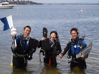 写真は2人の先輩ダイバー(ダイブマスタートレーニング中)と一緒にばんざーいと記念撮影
____
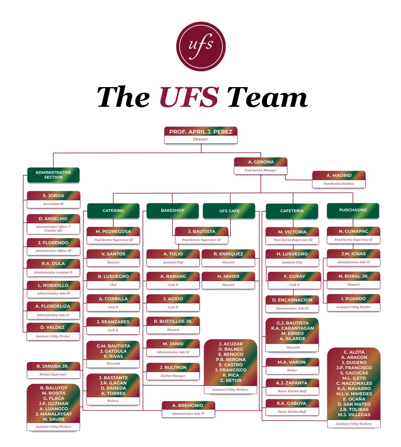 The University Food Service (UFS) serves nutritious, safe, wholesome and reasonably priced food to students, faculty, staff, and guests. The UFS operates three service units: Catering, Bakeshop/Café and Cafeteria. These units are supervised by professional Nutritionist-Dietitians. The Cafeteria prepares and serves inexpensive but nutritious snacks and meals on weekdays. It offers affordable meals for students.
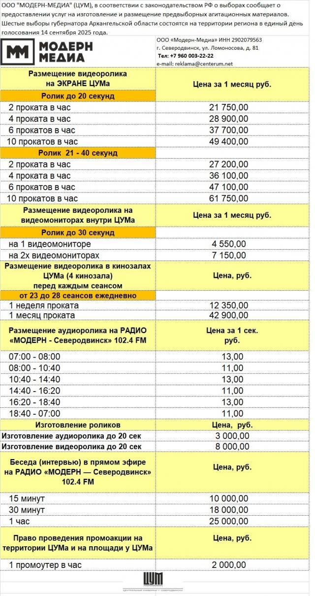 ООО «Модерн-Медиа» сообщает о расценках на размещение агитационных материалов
____
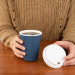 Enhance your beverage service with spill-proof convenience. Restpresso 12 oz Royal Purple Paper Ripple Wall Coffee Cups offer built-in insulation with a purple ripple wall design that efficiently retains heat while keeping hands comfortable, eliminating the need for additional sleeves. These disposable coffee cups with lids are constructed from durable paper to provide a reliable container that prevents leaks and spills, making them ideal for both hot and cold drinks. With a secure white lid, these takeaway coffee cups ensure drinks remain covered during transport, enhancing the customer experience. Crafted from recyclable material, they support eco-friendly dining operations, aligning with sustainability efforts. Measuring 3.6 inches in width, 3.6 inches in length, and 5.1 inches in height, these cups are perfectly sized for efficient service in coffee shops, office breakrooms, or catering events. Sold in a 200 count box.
____
Aim of the task
Print everything from the line with "The University Food" down to the line with "размещение агитационных материалов" in the entries above, both lines included and nothing more, without the pictures.

Answer to this exercise
 The University Food Service (UFS) serves nutritious, safe, wholesome and reasonably priced food to students, faculty, staff, and guests. The UFS operates three service units: Catering, Bakeshop/Café and Cafeteria. These units are supervised by professional Nutritionist-Dietitians. The Cafeteria prepares and serves inexpensive but nutritious snacks and meals on weekdays. It offers affordable meals for students.
 ООО «Модерн-Медиа» сообщает о расценках на размещение агитационных материалов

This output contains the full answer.